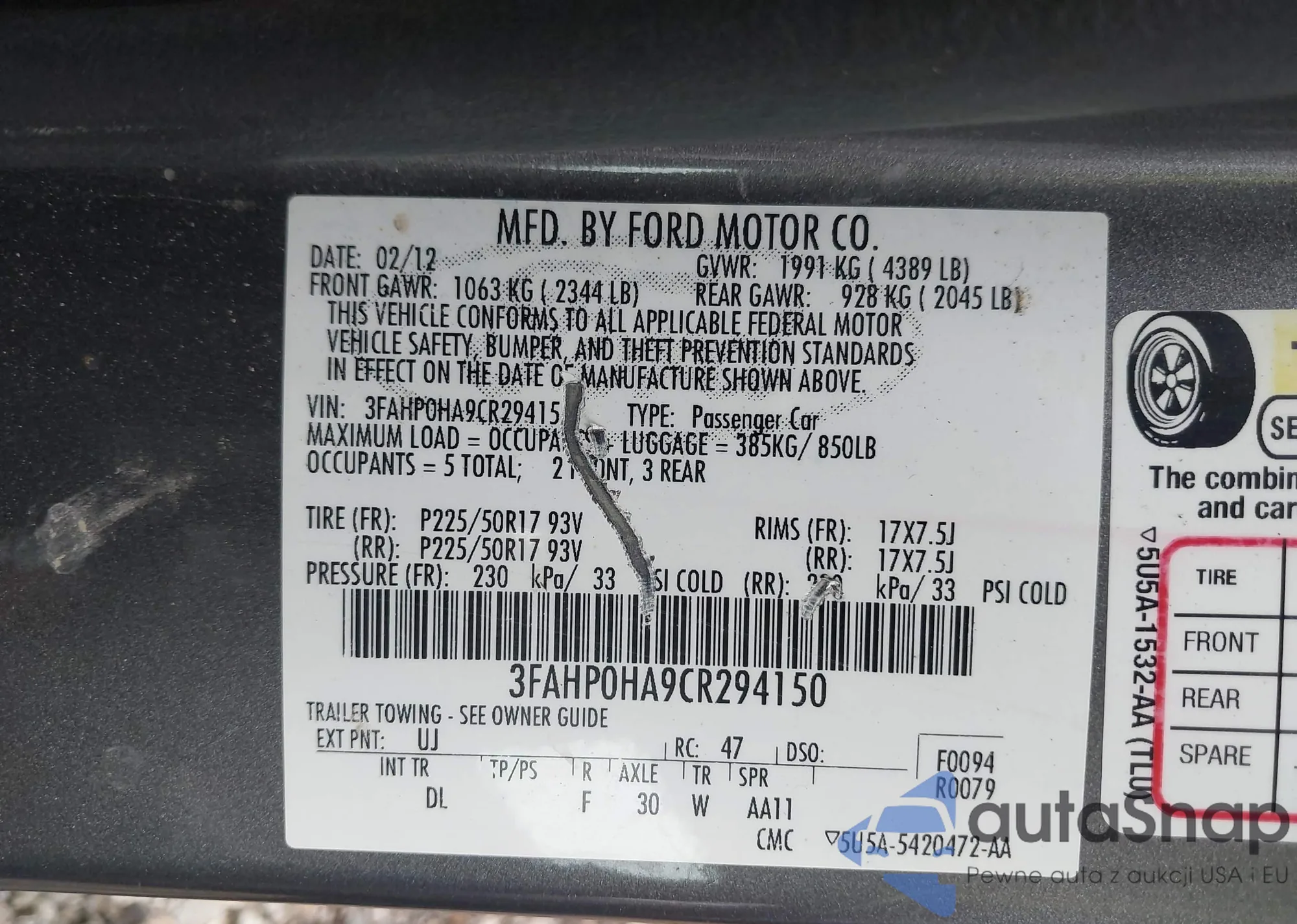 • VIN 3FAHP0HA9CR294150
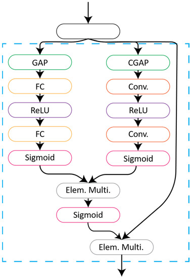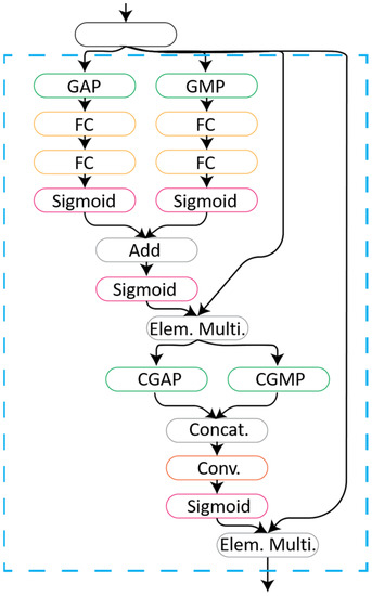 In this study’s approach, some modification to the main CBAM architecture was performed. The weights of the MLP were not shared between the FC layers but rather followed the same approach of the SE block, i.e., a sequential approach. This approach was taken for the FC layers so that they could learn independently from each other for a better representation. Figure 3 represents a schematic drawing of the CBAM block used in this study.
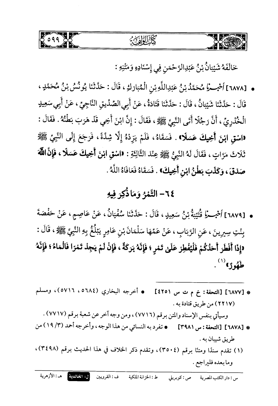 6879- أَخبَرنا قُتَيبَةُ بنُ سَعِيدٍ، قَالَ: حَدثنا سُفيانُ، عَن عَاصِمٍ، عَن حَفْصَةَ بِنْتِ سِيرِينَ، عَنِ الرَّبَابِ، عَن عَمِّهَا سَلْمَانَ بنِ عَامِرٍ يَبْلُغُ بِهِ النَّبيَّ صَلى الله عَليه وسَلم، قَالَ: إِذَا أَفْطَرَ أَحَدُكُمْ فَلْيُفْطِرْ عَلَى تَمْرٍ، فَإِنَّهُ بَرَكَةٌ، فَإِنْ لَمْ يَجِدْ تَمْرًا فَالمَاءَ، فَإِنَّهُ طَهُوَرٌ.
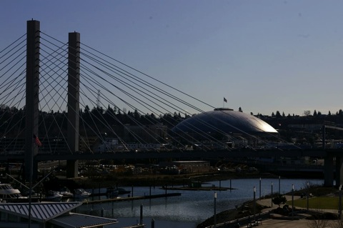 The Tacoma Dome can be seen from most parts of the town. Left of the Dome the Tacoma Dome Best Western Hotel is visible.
────────────────────────────────────────
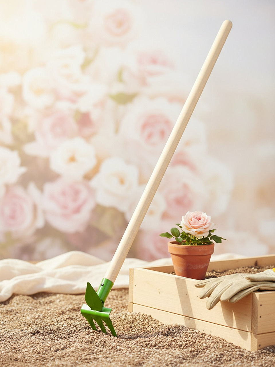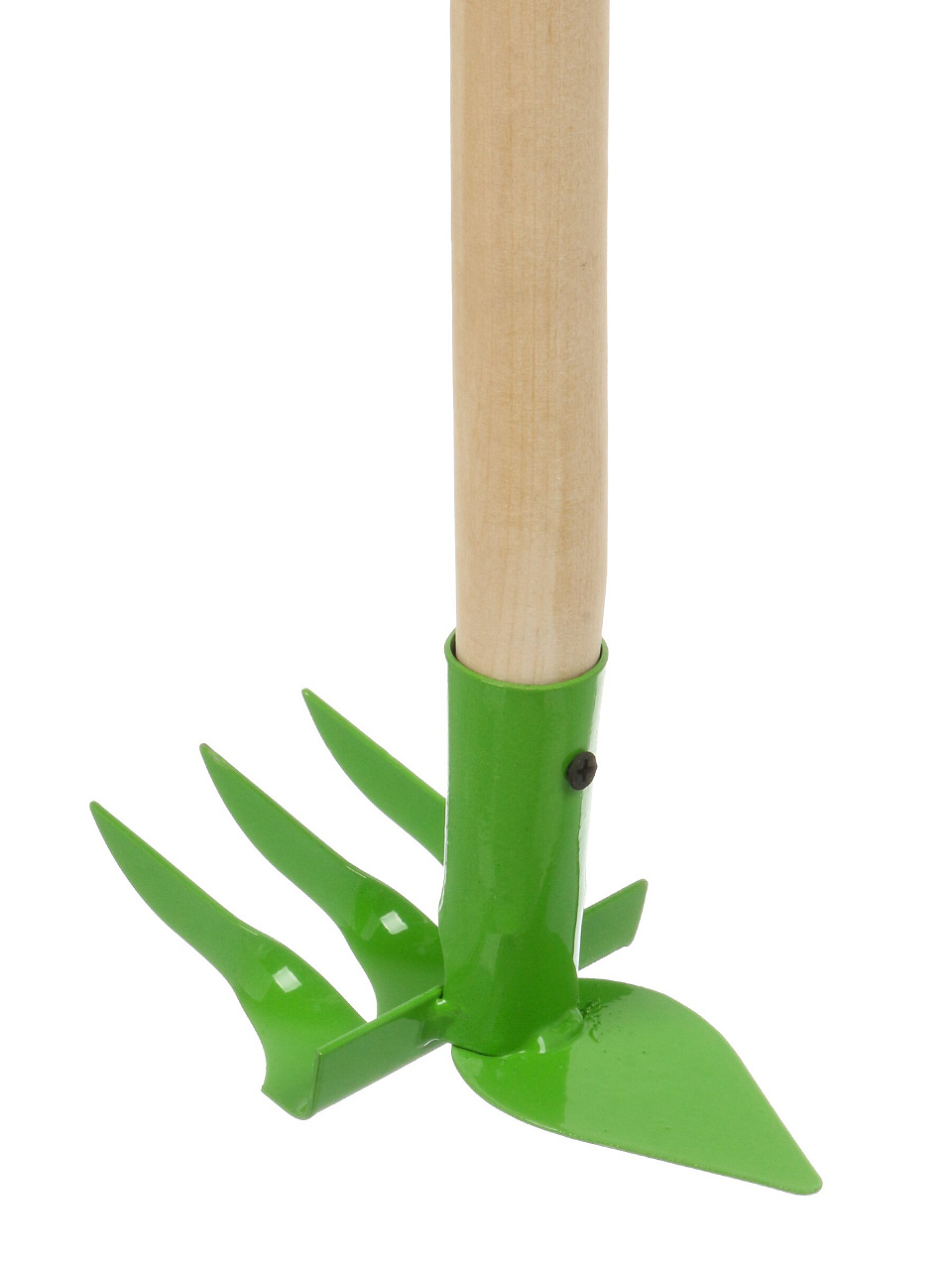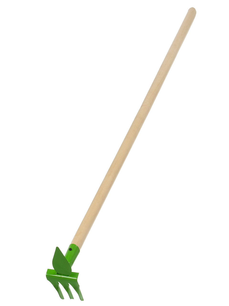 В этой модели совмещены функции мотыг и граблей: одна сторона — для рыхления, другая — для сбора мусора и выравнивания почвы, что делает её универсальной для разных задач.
────────────────────────────────────────
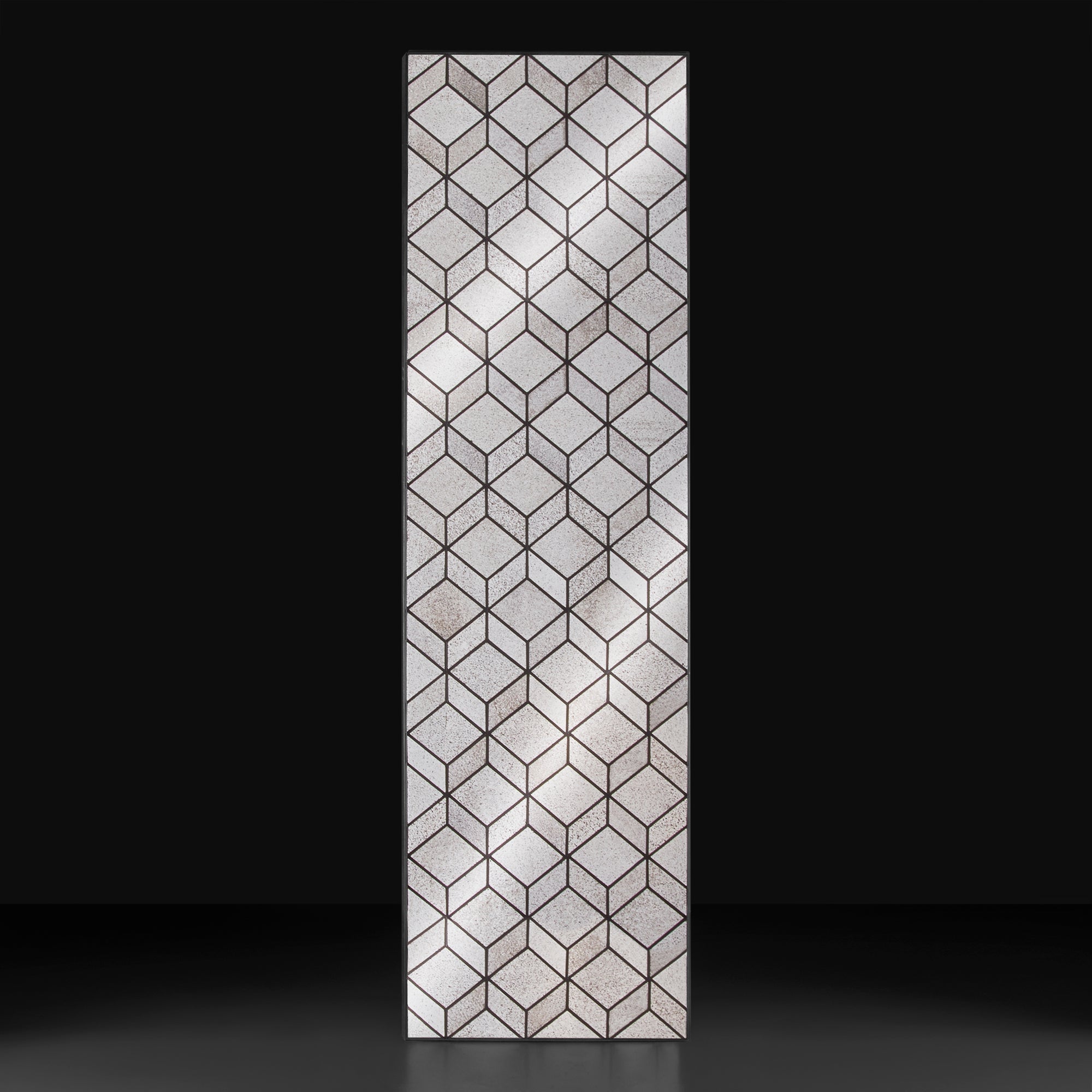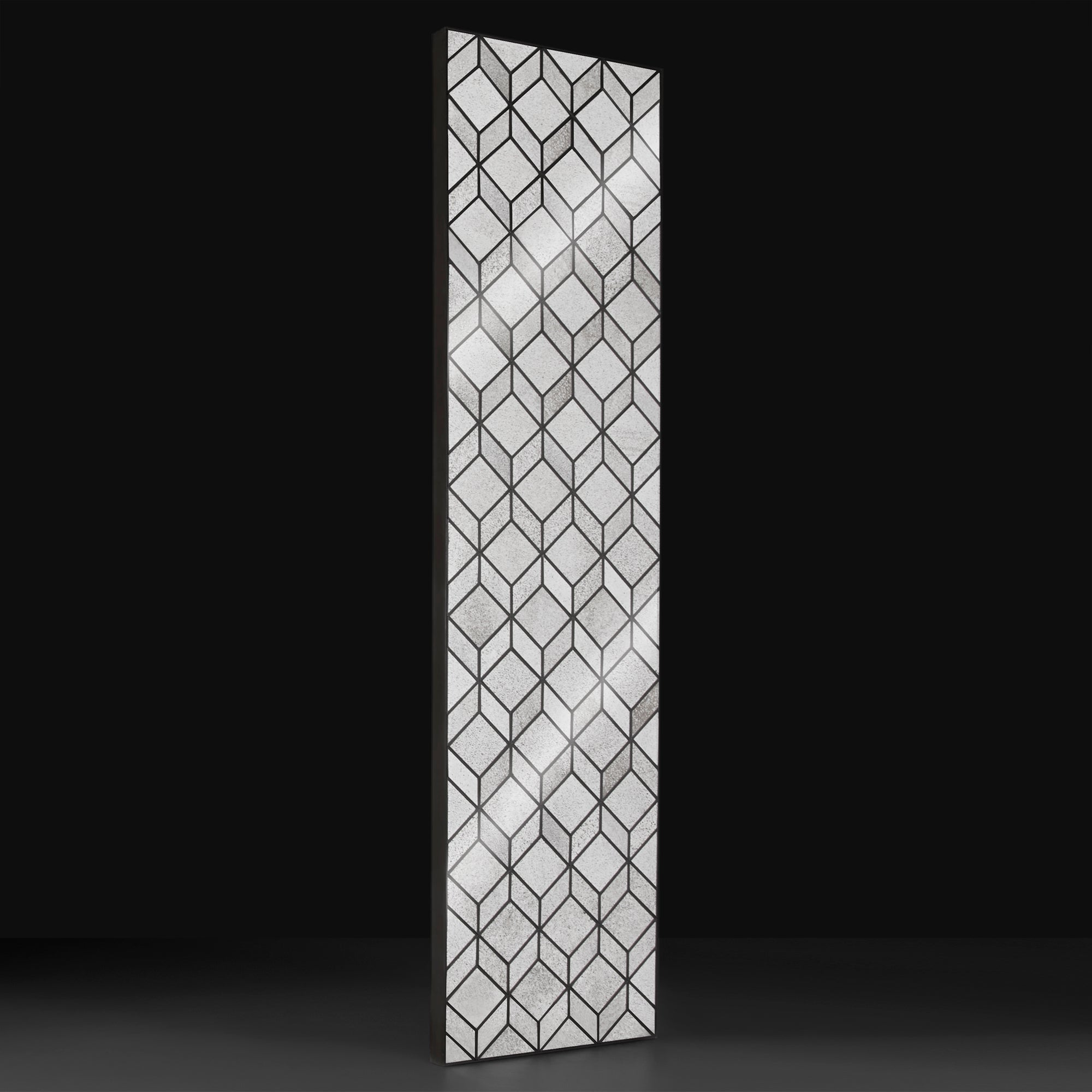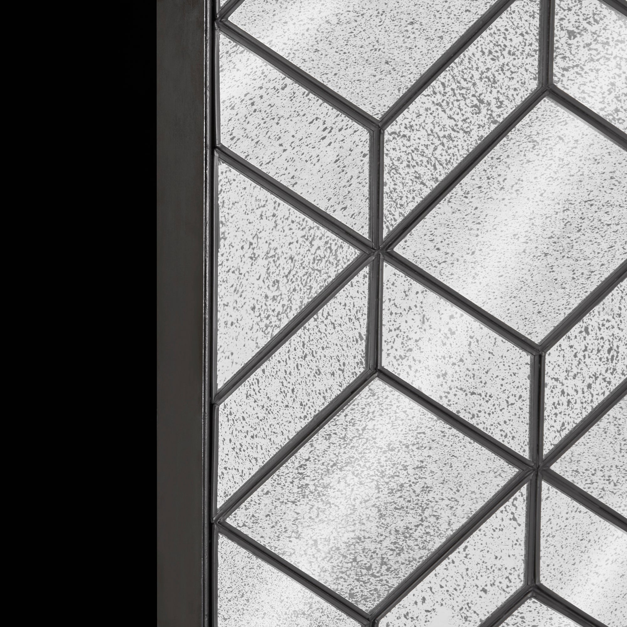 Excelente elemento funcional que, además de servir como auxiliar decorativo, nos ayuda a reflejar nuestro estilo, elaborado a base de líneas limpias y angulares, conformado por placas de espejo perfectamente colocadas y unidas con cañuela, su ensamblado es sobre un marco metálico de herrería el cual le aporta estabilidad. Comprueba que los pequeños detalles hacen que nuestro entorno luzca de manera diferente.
────────────────────────────────────────
▸ **EXERCISE AIM**: The line holding "6879- أَخبَرنا قُتَيبَةُ" starts the copy and the line holding "The Tacoma Dome can" ends it. Repeat those two lines above and all between them exactly, leaving out pictures.

▸ **EXERCISE RESULT**:
 6879- أَخبَرنا قُتَيبَةُ بنُ سَعِيدٍ، قَالَ: حَدثنا سُفيانُ، عَن عَاصِمٍ، عَن حَفْصَةَ بِنْتِ سِيرِينَ، عَنِ الرَّبَابِ، عَن عَمِّهَا سَلْمَانَ بنِ عَامِرٍ يَبْلُغُ بِهِ النَّبيَّ صَلى الله عَليه وسَلم، قَالَ: إِذَا أَفْطَرَ أَحَدُكُمْ فَلْيُفْطِرْ عَلَى تَمْرٍ، فَإِنَّهُ بَرَكَةٌ، فَإِنْ لَمْ يَجِدْ تَمْرًا فَالمَاءَ، فَإِنَّهُ طَهُوَرٌ.
 The Tacoma Dome can be seen from most parts of the town. Left of the Dome the Tacoma Dome Best Western Hotel is visible.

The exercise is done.